A new ex vivo method to evaluate the performance of candidate MRI contrast agents: a proof-of-concept study

Ana Paula CandiotaMilena AcostaRui Vasco SimõesTeresa Delgado-GoñiSilvia Lope-PiedrafitaAinhoa IrureMarco MarradiOscar Bomati-MiguelNuria Miguel-SanchoIbane AbasoloSimó Schwartz JrJesús SantamariaSoledad PenadésCarles Arús  1
Affiliations

A new ex vivo method to evaluate the performance of candidate MRI contrast agents: a proof-of-concept study

Ana Paula Candiota et al. J Nanobiotechnology. .

Abstract

Background: Magnetic resonance imaging (MRI) plays an important role in tumor detection/diagnosis. The use of exogenous contrast agents (CAs) helps to improve the discrimination between lesion and neighbouring tissue, but most of the currently available CAs are non-specific. Assessing the performance of new, selective CAs requires exhaustive assays and large amounts of material. Accordingly, in a preliminary screening of new CAs, it is important to choose candidate compounds with good potential for in vivo efficiency. This screening method should reproduce as close as possible the in vivo environment. In this sense, a fast and reliable method to select the best candidate CAs for in vivo studies would minimize time and investment cost, and would benefit the development of better CAs.

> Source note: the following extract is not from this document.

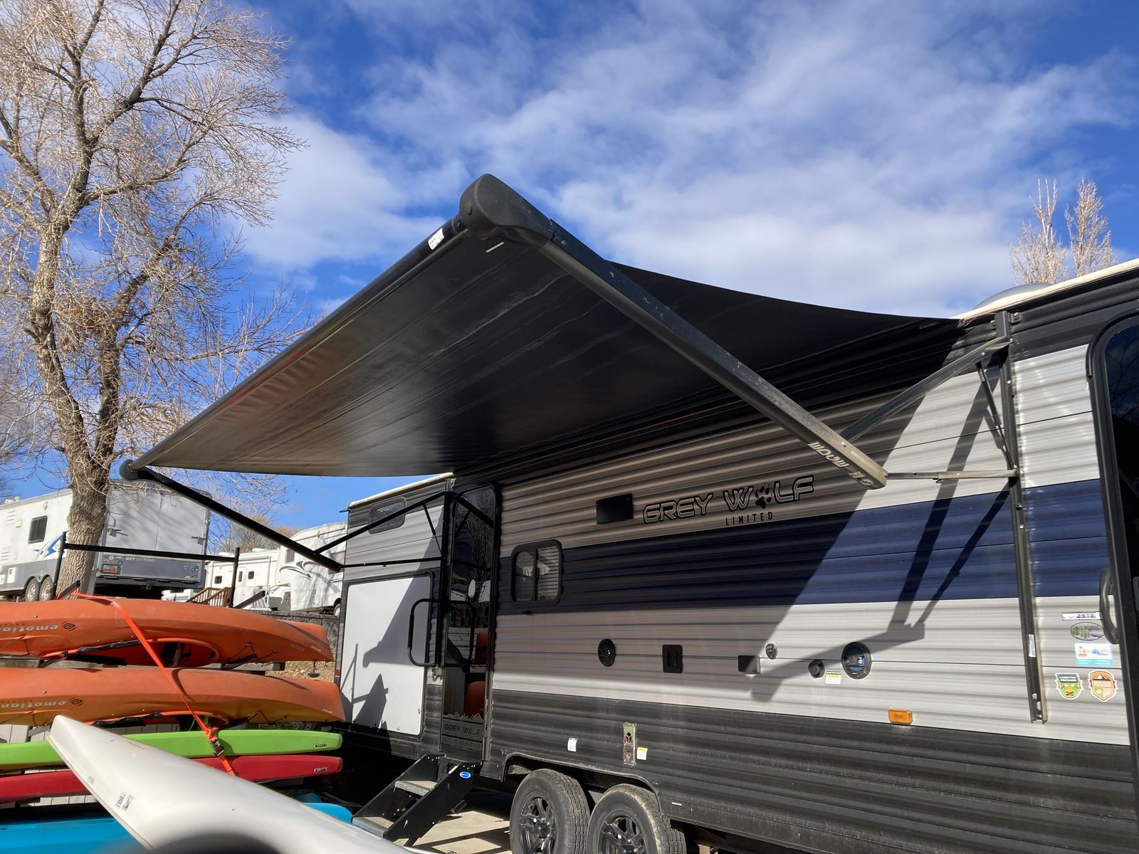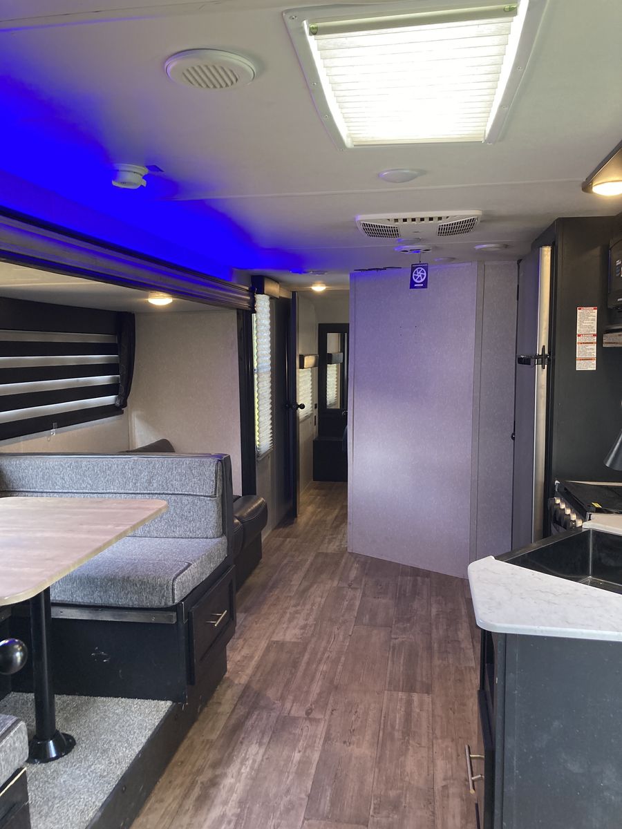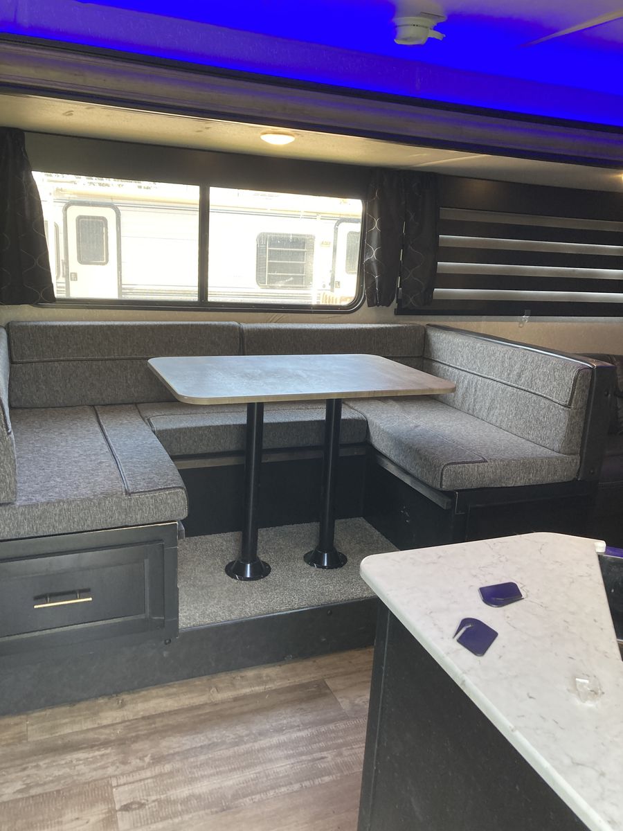 Fantastic spacious bunkhouse camper with a big 2nd kitchen outside. Minimal use. Comes with brand new dinette cushions and bunk bed mattresses. They were gone when we bought it.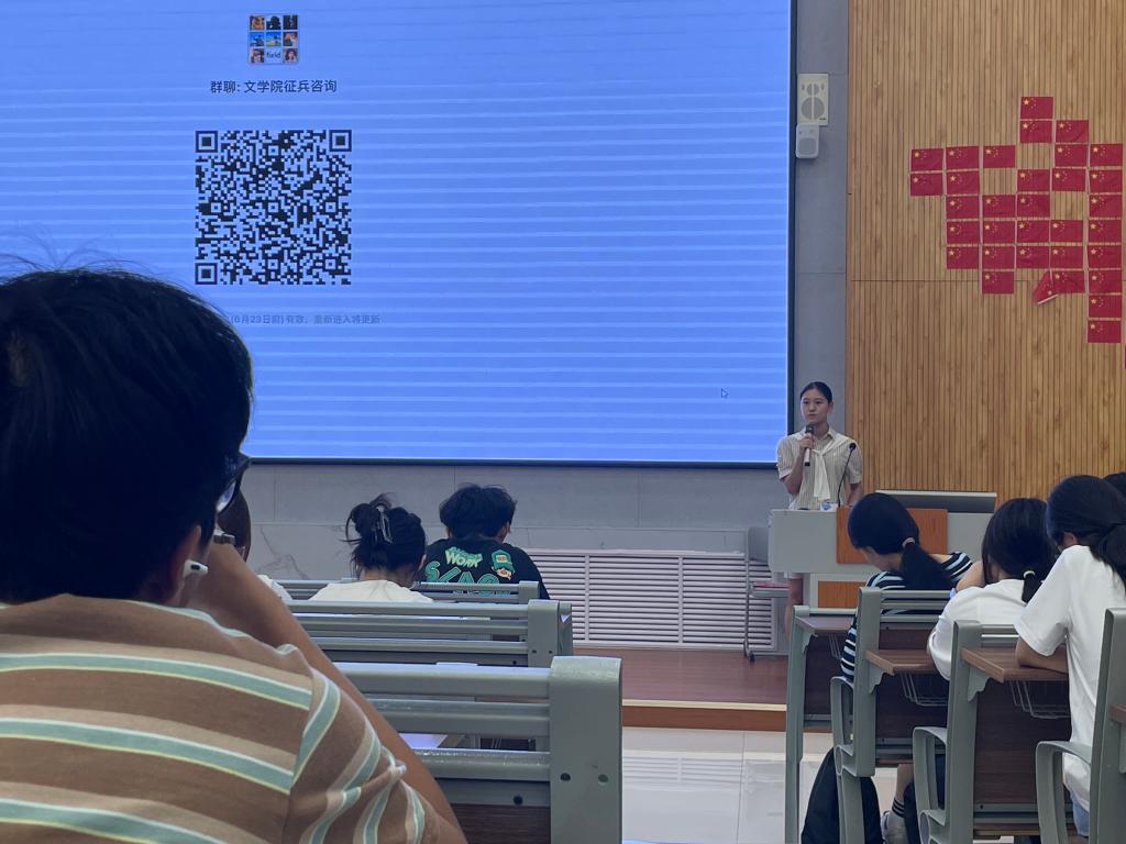 首先,宣讲人董嘉豪和朱保逸从征兵入伍的条件要求、国防的意义及大学生当兵入伍的优惠政策三个方面对参兵入伍内容进行讲解,并重点强调了“军强则国强,国强则民安”的国防重要性,呼吁同学们积极担当起党和人民赋予的新时代使命任务,为实现新时代强军目标贡献自己的青春力量。接着,两位宣讲人进一步向同学们介绍了应征入伍的基本流程和退役士兵的优惠政策,让同学们具体了解了征兵的相关内容并愿意将参军入伍作为自己未来职业发展的一种选择。

Results: The post-mortem ex vivo relative contrast enhancement (RCE) was evaluated as a method to screen different types of CAs, including paramagnetic and superparamagnetic agents. In detail, sugar/gadolinium-loaded gold nanoparticles (Gd-GNPs) and iron nanoparticles (SPIONs) were tested. Our results indicate that the post-mortem ex vivo RCE of evaluated CAs, did not correlate well with their respective in vitro relaxivities. The results obtained with different Gd-GNPs suggest that the linker length of the sugar conjugate could modulate the interactions with cellular receptors and therefore the relaxivity value. A paramagnetic CA (GNP (E_2)), which performed best among a series of Gd-GNPs, was evaluated both ex vivo and in vivo. The ex vivo RCE was slightly worst than gadoterate meglumine (201.9 ± 9.3% versus 237 ± 14%, respectively), while the in vivo RCE, measured at the time-to-maximum enhancement for both compounds, pointed to GNP E_2 being a better CA in vivo than gadoterate meglumine. This is suggested to be related to the nanoparticule characteristics of the evaluated GNP.

Conclusion: We have developed a simple, cost-effective relatively high-throughput method for selecting CAs for in vivo experiments. This method requires approximately 800 times less quantity of material than the amount used for in vivo administrations.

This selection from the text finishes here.